Output exactly the lines from the line that has "Modern coworking office" through the last line of the data below, with no pictures.

DATA:
#####

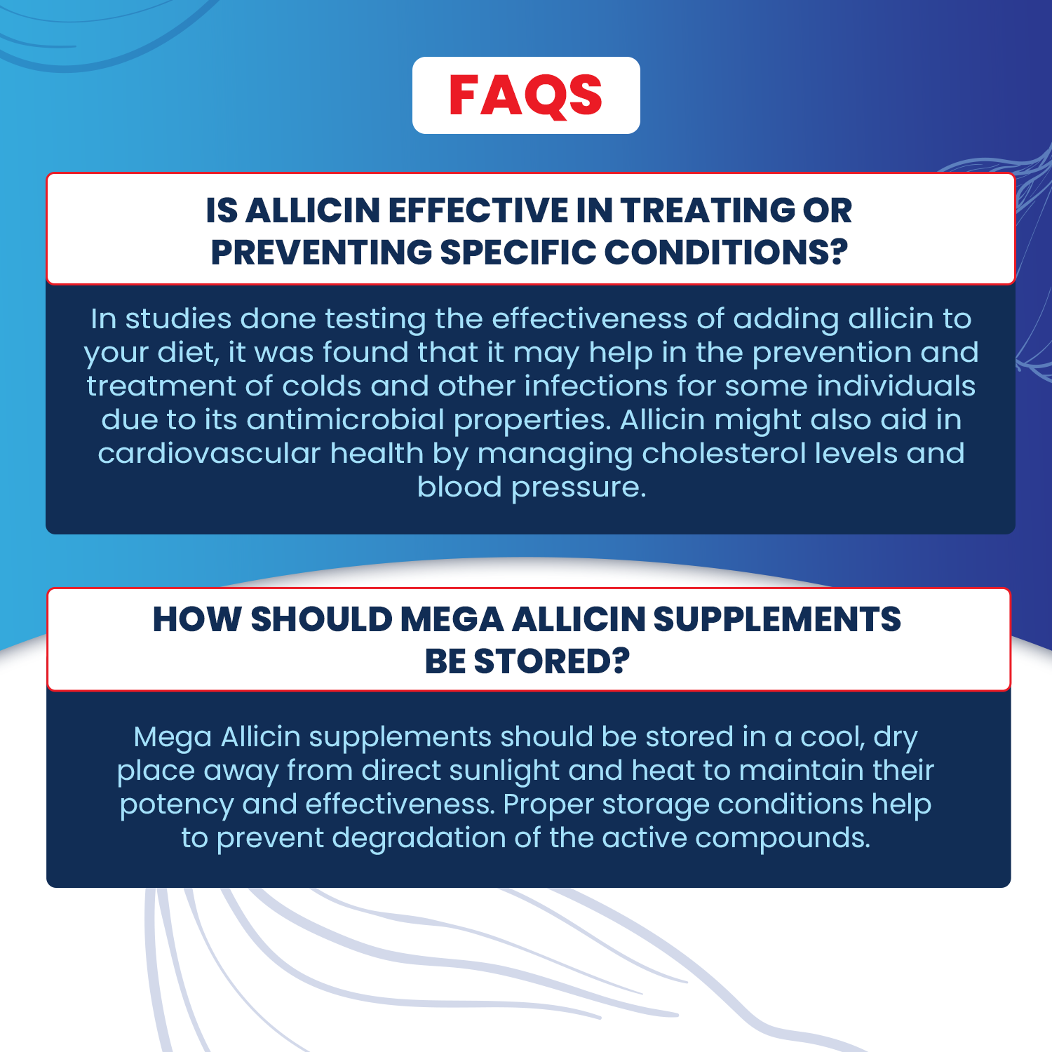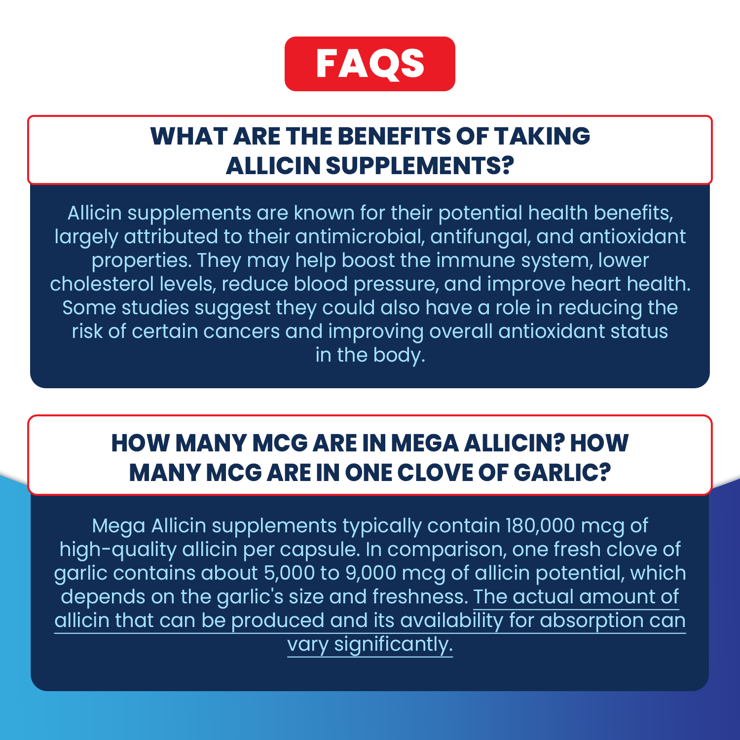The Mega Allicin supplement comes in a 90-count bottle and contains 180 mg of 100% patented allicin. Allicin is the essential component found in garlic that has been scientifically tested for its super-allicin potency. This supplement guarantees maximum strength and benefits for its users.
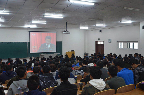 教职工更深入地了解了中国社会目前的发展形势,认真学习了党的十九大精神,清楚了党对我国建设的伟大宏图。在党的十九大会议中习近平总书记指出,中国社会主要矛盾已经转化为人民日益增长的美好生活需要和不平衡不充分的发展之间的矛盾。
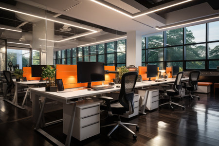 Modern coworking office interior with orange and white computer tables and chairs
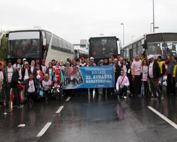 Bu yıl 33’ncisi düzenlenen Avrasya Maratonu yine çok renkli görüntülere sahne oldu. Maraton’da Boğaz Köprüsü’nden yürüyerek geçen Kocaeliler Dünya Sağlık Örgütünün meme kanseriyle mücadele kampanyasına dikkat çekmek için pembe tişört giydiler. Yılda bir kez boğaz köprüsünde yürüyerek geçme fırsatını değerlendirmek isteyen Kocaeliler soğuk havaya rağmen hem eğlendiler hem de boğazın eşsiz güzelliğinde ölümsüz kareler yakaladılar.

#####

TASK ANSWER:
 Modern coworking office interior with orange and white computer tables and chairs
 Bu yıl 33’ncisi düzenlenen Avrasya Maratonu yine çok renkli görüntülere sahne oldu. Maraton’da Boğaz Köprüsü’nden yürüyerek geçen Kocaeliler Dünya Sağlık Örgütünün meme kanseriyle mücadele kampanyasına dikkat çekmek için pembe tişört giydiler. Yılda bir kez boğaz köprüsünde yürüyerek geçme fırsatını değerlendirmek isteyen Kocaeliler soğuk havaya rağmen hem eğlendiler hem de boğazın eşsiz güzelliğinde ölümsüz kareler yakaladılar.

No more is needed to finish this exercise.